UNFCCC Executive Secretary Christiana Figueres calls on mountain countries to take bold action on climate change mitigation and adaption

Mountains and climate change

Human activities are profoundly affecting the world’s climate, and mountains are a sensitive indicator of that effect.
Because of their altitude, slope and orientation to the sun, mountain ecosystems are easily disrupted by variations in climate. Many scientists believe that the changes occurring in mountain ecosystems may provide an early glimpse of what could come to pass in lowland environments.

As the world heats up, mountain glaciers are melting at unprecedented rates, while rare plants and animals struggle to survive over ever diminishing areas, and mountain peoples, already among the world’s poorest citizens, face even greater hardships.

Changes in the volume of mountain glaciers and in their seasonal melting patterns have an impact on water resources in many parts of the world.
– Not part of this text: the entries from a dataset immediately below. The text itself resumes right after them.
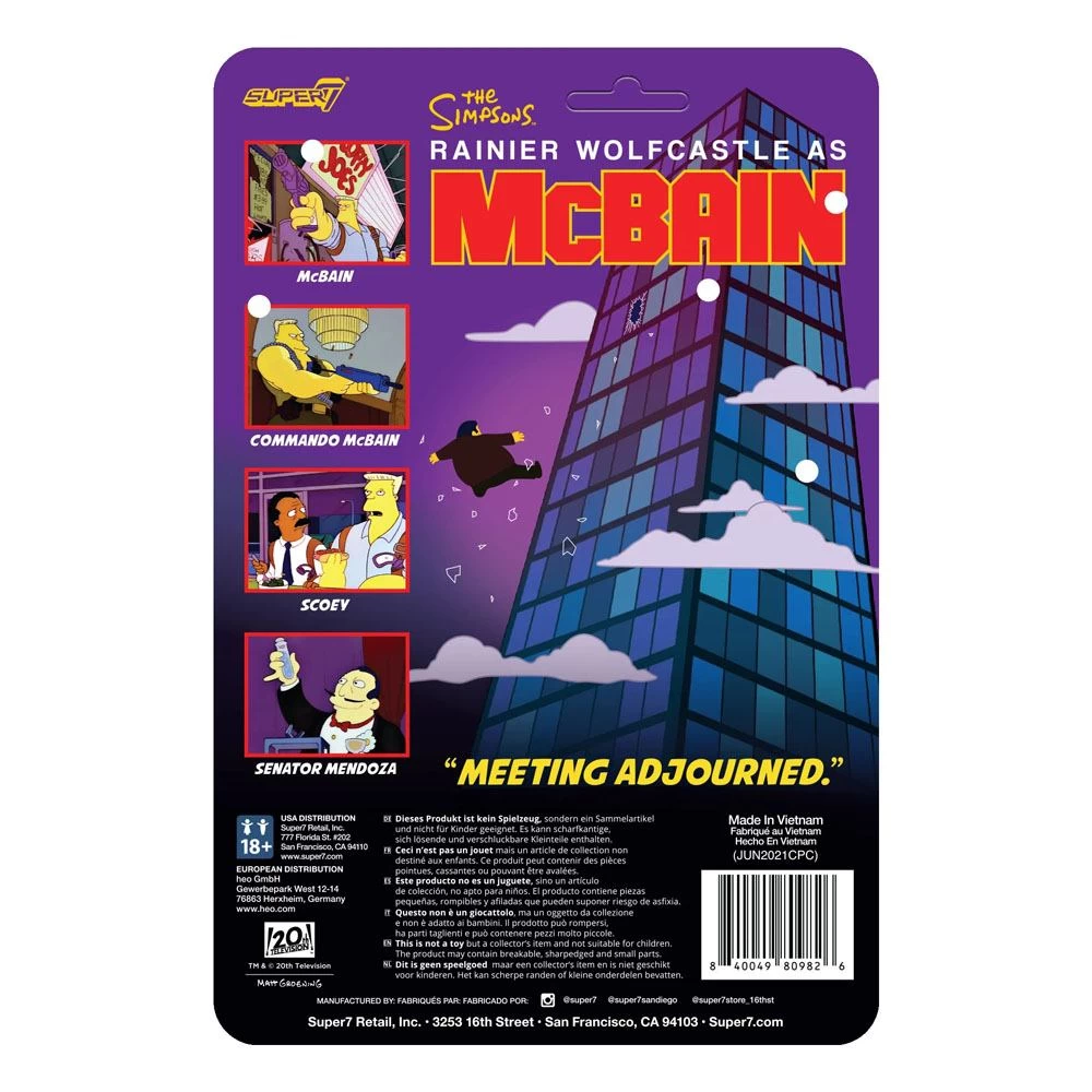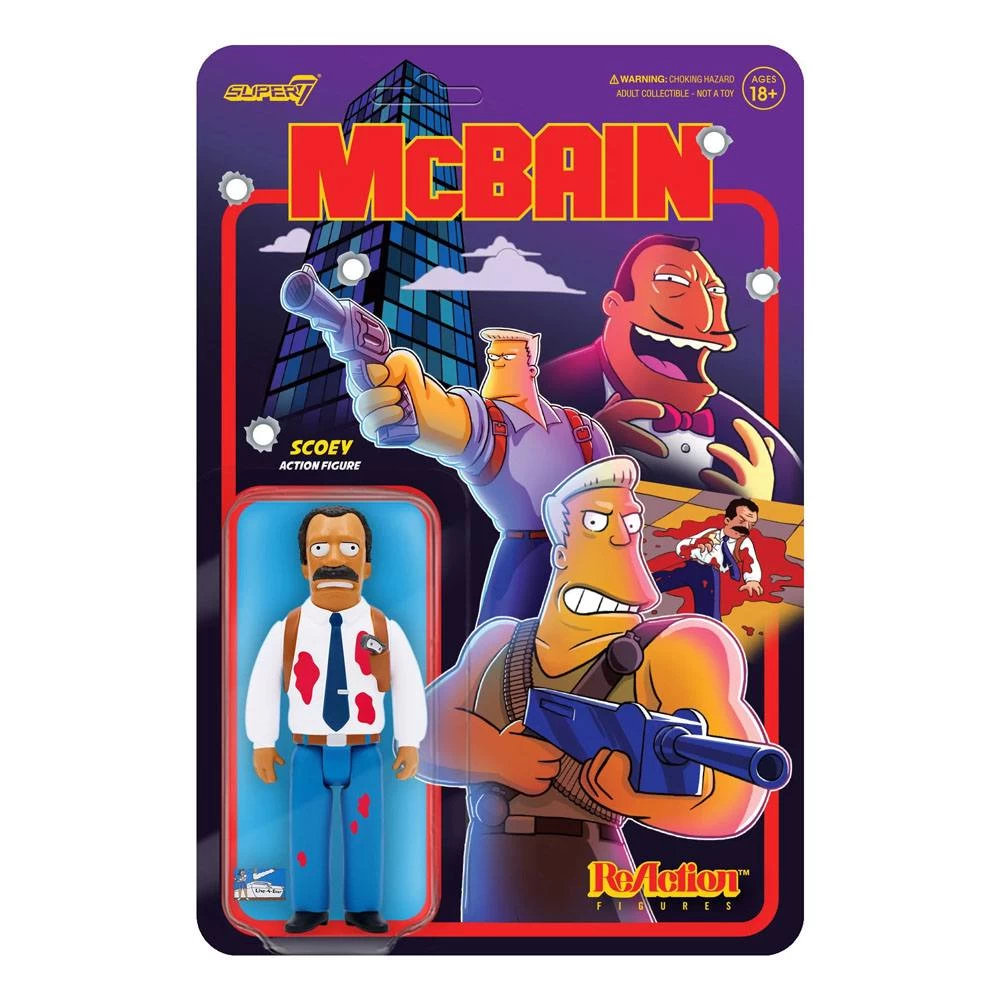 As seen in The Simpsons! This 3.75″ articulated McBain ReAction figure of Scoey shows his grim resolve as he implores McBain to “get Mendoza” with his dying breath. Collect the entire line of The Simpsons McBain ReAction figures!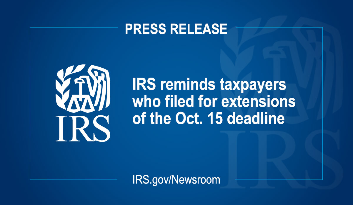 WASHINGTON — The Internal Revenue Service today reminds individuals who filed extensions for tax year 2024 that their tax returns are due tomorrow. Further, the agency reminds taxpayers that the current lapse in appropriations (the government shutdown) does not affect the tax filing and payment responsibilities of taxpayers. The IRS estimates that more than 20 million taxpayers were expected to file tax returns by the  extended due date this year.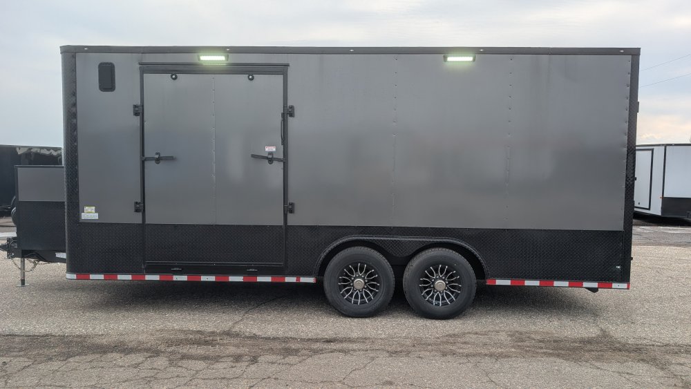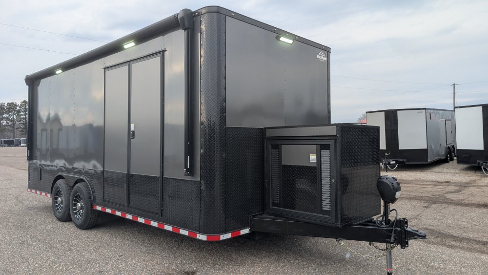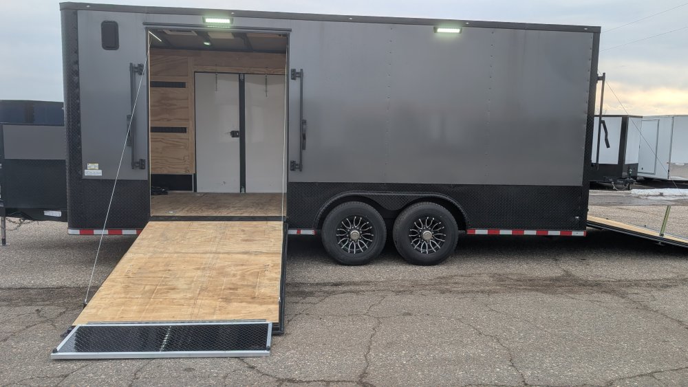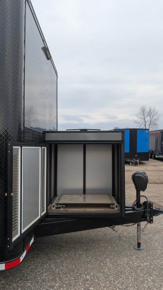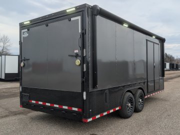 This professional-grade Charcoal Gray Polycore custom trailer is a powerhouse of durability and style, engineered for those who demand a "Rock Solid" build. Cloaked in a sleek .080 Polycore exterior with a full Black Out Package, it features black ATP accents across the sides, rear, fenders, and stoneguard, providing a sharp, aggressive look that holds up on the road. Structural integrity is at the forefront with 12" on-center cross members, heavy-gauge angle reinforcement on the top and bottom walls, and a massive 7,000 lb torsion axle system supported by a 60" extended triple tube tongue. The interior is equally rugged, boasting 12" additional height, 3/4" pressure-treated double plywood floors, and 3/4" plywood walls, all kept comfortable by a Therma Cool ceiling and a trio of Maxxair-covered vents.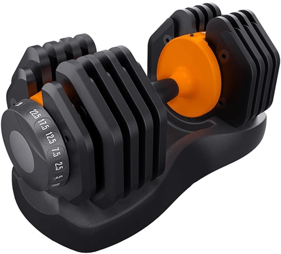 Each dumbbell can be adjusted from 5 to 52.5 pounds in 2.5-pound increments, giving you a total weight range of 105 pounds. This means you won’t need to purchase multiple sets of dumbbells to achieve a variety of weight options for your workouts.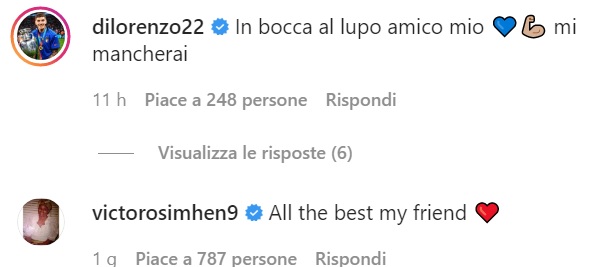 Giovanni Di Lorenzo ha scritto sul social: "In bocca al lupo amico mio, mi mancherai". Al messaggio del terzino azzurro fa seguito quello di Victor Osimhen: "Tutto il meglio, amico mio".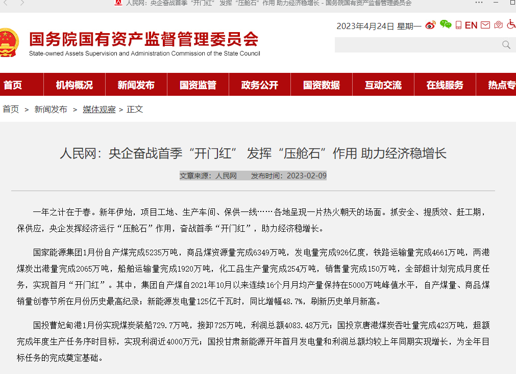 人(rén)民(mín)網:央企奮戰首季“開(kāi)門(mé→§n)紅(hóng)” 發揮“壓艙石”作(zuòπ')用(yòng) 助力經濟穩增長(cháng)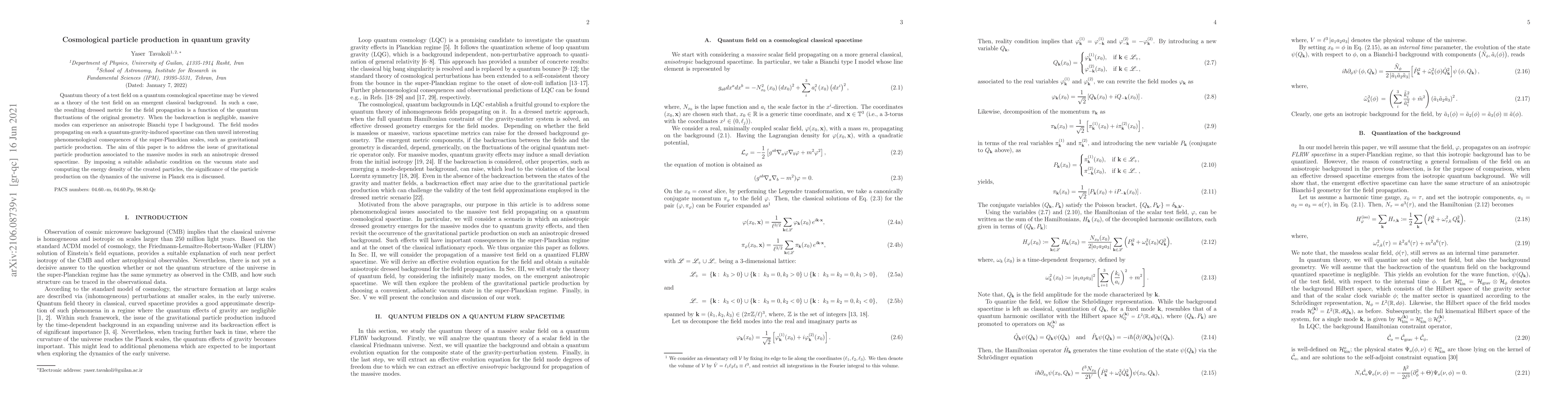 Quantum theory of a test field on a quantum cosmological spacetime may be viewed as a theory of the test field on an emergent classical background. In such a case, the resulting dressed metric for the field propagation is a function of the quantum fluctuations of the original geometry. When the backreaction is negligible, massive modes can experience an anisotropic Bianchi type I background. The field modes propagating on such a quantum-gravity-induced spacetime can then unveil interesting phenomenological consequences of the super-Planckian scales, such as gravitational particle production. The aim of this paper is to address the issue of gravitational particle production associated to the massive modes in such an anisotropic dressed spacetime. By imposing a suitable adiabatic condition on the vacuum state and computing the energy density of the created particles, the significance of the particle production on the dynamics of the universe in Planck era is discussed.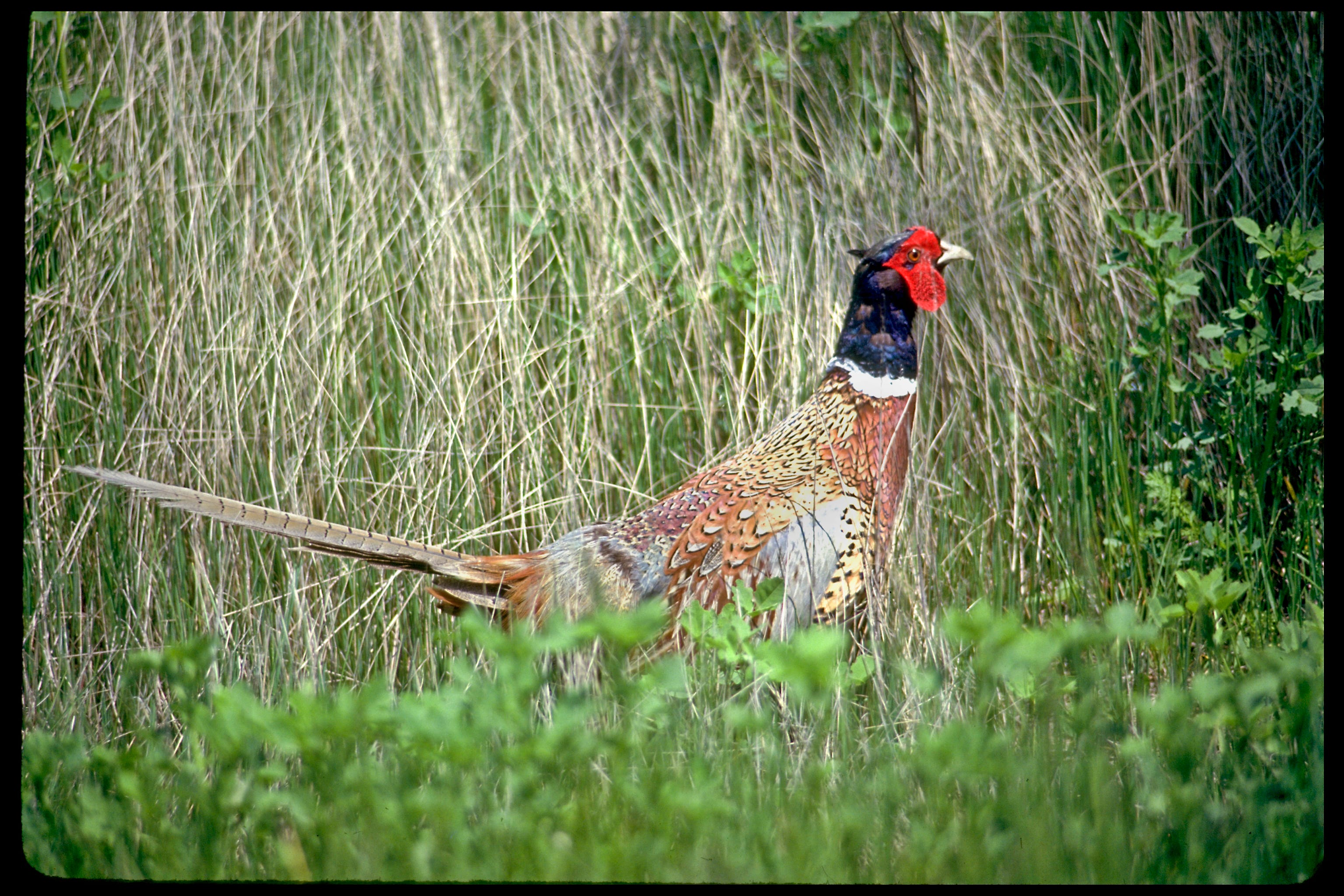 Ring-Necked Pheasant. (Taken from the passenger seat of a car.) Robert J. Huffman. Field Mark Publications.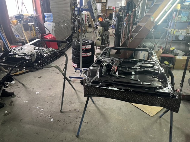 裏塗りの塗料を乾かしている間に、車体から凹んだ左スライドドアを取り外します。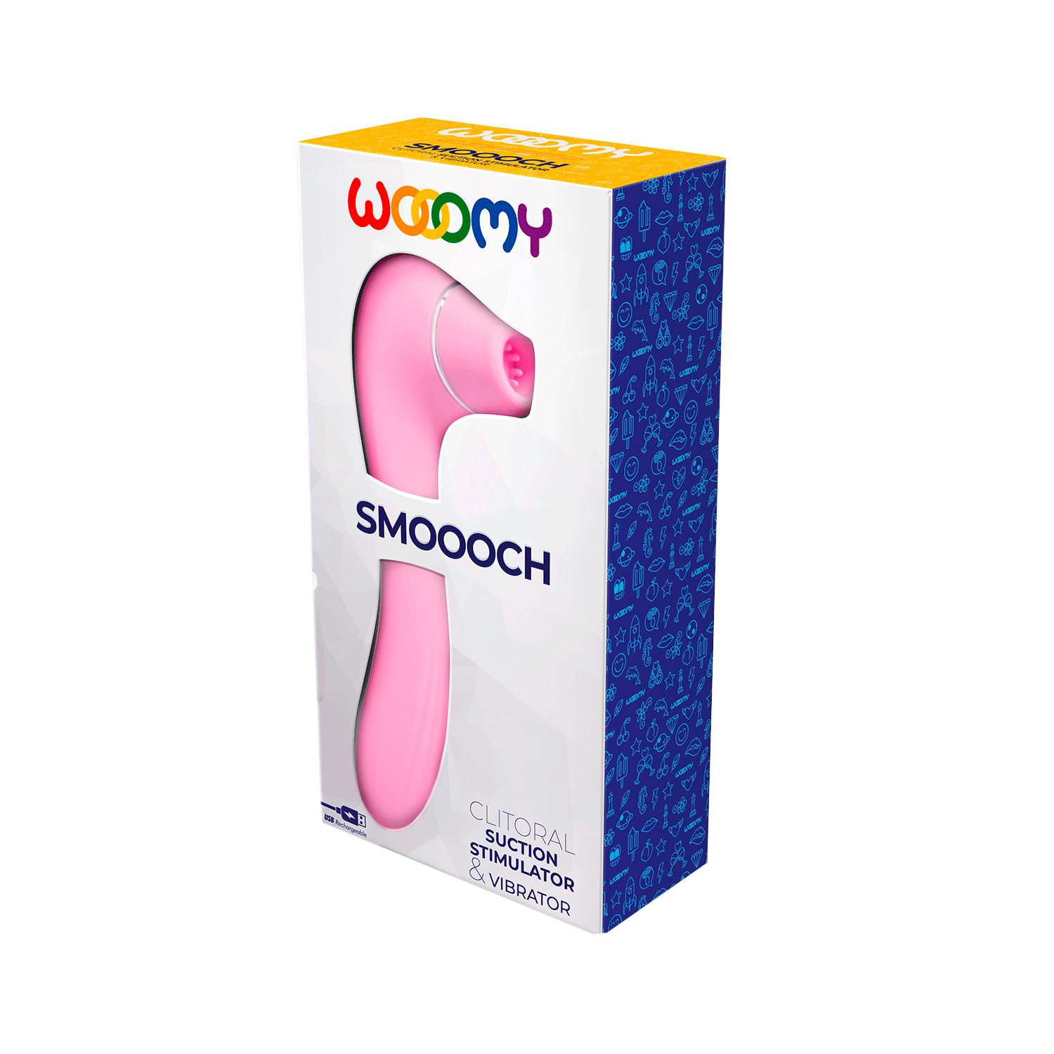 Стимулятор клитора Smoooch Pink розового цвета с двойной функцией. Изготовлен из силикона и ABS для комфорта. Длина — 18,6 см, диаметр — 4,5 см, вес — 230 г. Два мотора, 10 режимов вибрации и всасывания. Подходит для клитора и точки G. Водонепроницаемость IPX7 позволяет использовать в воде. Заряжается через USB. Уход: промыть водой с мылом.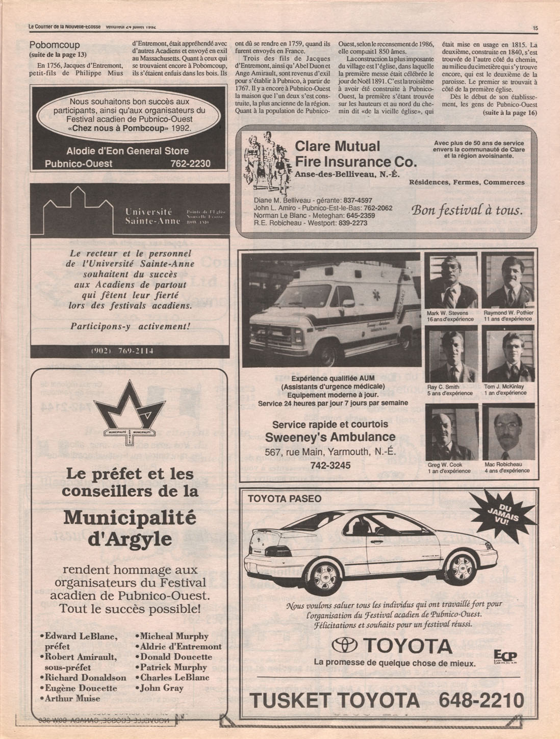 Le Courrier is Nova Scotia's leading French-language newspaper, and the only one with province-wide coverage and distribution. First published by Désiré d'Éon as Le Petit Courrier (Du Sud-Ouest de la Nouvelle-Écosse) on 10 February 1937, it has appeared weekly ever since, informing its readers, defending the interests of Acadians and francophones, and providing a bridge linking all Acadian regions in the province. It offers community news and events, extended articles, advertisements, announcements, photographs and special supplements, all directed towards supporting Nova Scotia's large, dispersed and diversified Acadian population, its businesses, industries, economy, daily activities, schools and higher education, politics, cultural life and heritage. Le Courrier offers an outstanding and unparalleled perspective on 66 years' accumulated history of Nova Scotia's Acadian population, thus enabling exploration of interests, activities, accomplishments, concerns and community issues across a broad swath of the 20th century.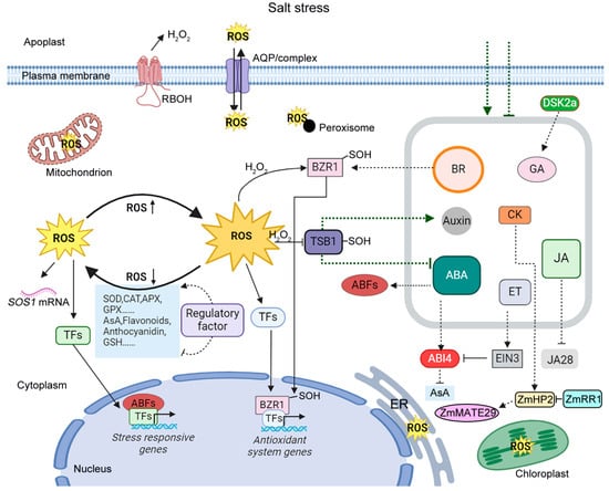 Apart from the extracellular space, ROS are also produced in various cellular compartments, such as mitochondria, the cytosol, peroxisomes, and the endoplasmic reticulum [,]. Salt stress could also damage the ultrastructure of chloroplasts, resulting in the generation of H2O2 and O2•¯ in chloroplasts []. Due to the fact that aquaporins (AQPs) identified on the plasma membrane and organelle membranes promote the bidirectional transportation of H2O2, the H2O2 level within the cytoplasm can influence the H2O2 level in other cellular compartments, and vice versa [].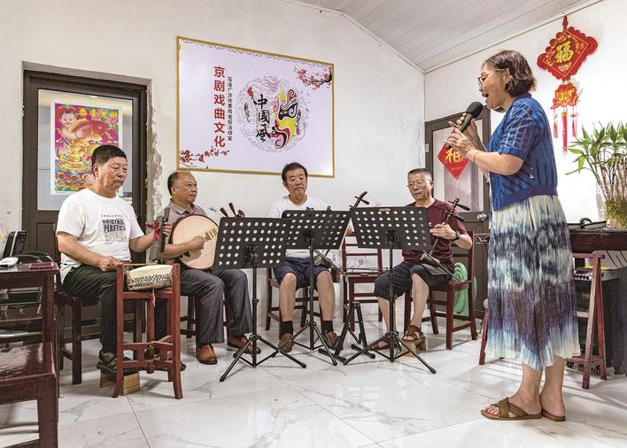 7月27日,通州区石港镇广济桥社区,几名老戏迷聚在一起过戏瘾。黄旭

Changes in water availability due to climate change are taking place at a time when pressure on water resources for irrigation and food production, industrialization and urbanization is increasing.

Understanding how climate change affects mountains is vital as governments and international organizations develop strategies to reverse current global warming trends, elaborating treaties such as the Kyoto Protocol and the UN Framework Convention on Climate Change.  In addition, local community empowerment can be an essential step towards building climate change resilience in mountains.